*** Data shown ***

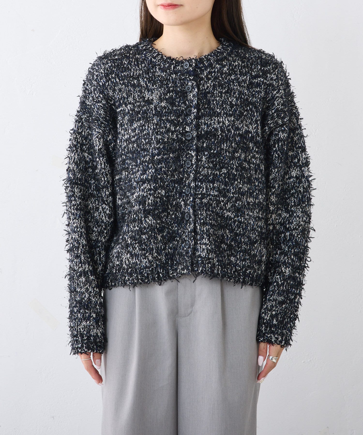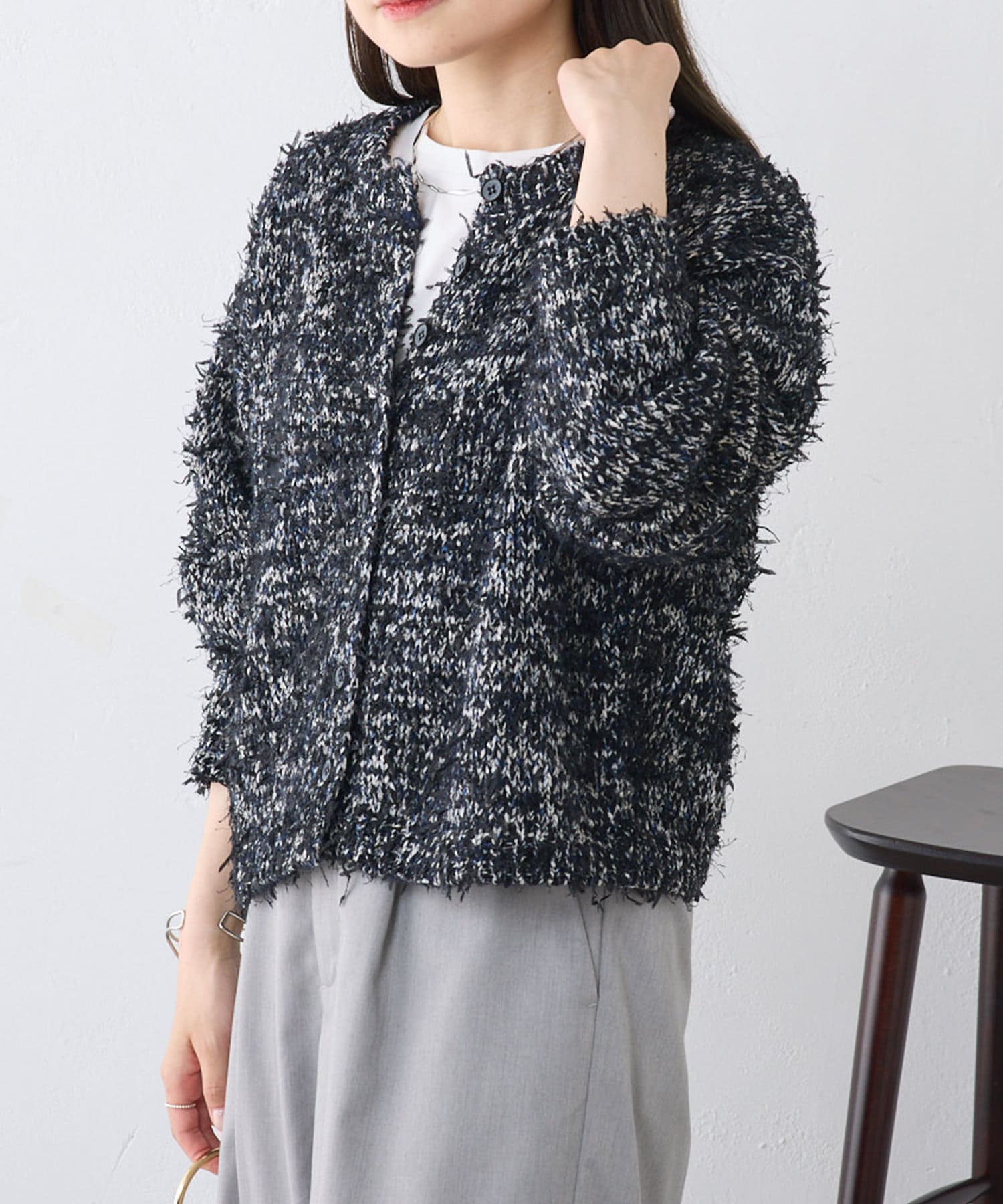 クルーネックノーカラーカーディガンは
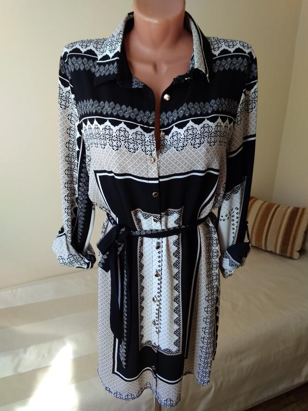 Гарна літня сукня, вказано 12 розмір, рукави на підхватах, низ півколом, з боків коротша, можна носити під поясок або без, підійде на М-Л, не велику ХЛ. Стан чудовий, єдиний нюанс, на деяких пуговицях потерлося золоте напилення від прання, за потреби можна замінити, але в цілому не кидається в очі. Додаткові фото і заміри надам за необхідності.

*** End of Data shown ***
*** Data shown ***

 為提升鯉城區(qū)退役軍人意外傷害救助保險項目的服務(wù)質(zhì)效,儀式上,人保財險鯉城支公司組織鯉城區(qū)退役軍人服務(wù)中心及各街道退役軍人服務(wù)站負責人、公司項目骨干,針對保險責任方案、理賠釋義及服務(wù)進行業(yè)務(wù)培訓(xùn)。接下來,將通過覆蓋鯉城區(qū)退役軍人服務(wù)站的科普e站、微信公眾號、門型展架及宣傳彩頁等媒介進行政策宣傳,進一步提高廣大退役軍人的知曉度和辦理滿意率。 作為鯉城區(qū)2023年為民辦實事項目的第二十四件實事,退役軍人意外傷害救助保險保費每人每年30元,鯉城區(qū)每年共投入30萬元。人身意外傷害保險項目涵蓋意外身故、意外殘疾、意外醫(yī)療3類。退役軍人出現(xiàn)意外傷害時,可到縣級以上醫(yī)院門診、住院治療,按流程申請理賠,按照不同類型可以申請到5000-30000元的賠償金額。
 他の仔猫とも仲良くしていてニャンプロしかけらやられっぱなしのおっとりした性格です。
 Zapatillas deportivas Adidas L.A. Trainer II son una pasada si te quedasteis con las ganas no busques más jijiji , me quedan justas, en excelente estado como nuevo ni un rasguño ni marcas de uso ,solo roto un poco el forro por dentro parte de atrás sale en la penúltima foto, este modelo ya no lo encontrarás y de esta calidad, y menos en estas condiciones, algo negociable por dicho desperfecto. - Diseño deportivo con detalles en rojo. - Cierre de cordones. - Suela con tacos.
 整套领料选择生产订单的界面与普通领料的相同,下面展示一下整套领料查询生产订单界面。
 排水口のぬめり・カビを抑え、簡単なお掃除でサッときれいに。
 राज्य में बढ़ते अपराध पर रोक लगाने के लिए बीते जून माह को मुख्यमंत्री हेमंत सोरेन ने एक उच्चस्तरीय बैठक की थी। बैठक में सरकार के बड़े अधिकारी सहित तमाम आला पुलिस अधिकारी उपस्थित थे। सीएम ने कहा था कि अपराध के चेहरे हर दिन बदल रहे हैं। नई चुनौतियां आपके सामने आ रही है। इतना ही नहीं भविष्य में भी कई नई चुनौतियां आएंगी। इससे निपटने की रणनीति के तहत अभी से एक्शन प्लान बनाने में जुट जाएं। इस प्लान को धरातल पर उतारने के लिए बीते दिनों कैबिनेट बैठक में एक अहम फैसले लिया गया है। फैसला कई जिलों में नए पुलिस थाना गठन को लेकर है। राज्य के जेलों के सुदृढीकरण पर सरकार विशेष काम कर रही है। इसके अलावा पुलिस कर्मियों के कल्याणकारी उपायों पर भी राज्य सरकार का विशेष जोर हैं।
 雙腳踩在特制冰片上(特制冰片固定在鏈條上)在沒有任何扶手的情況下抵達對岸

*** End of Data shown ***

Task goal: Would you quote everything above from the line containing "整套领料选择生产订单的界面与" down to the line containing "排水口のぬめり・カビを抑え、簡単なお掃除でサッときれいに。"? Include both of those lines and nothing else.

Response to this task:
 整套领料选择生产订单的界面与普通领料的相同,下面展示一下整套领料查询生产订单界面。
 排水口のぬめり・カビを抑え、簡単なお掃除でサッときれいに。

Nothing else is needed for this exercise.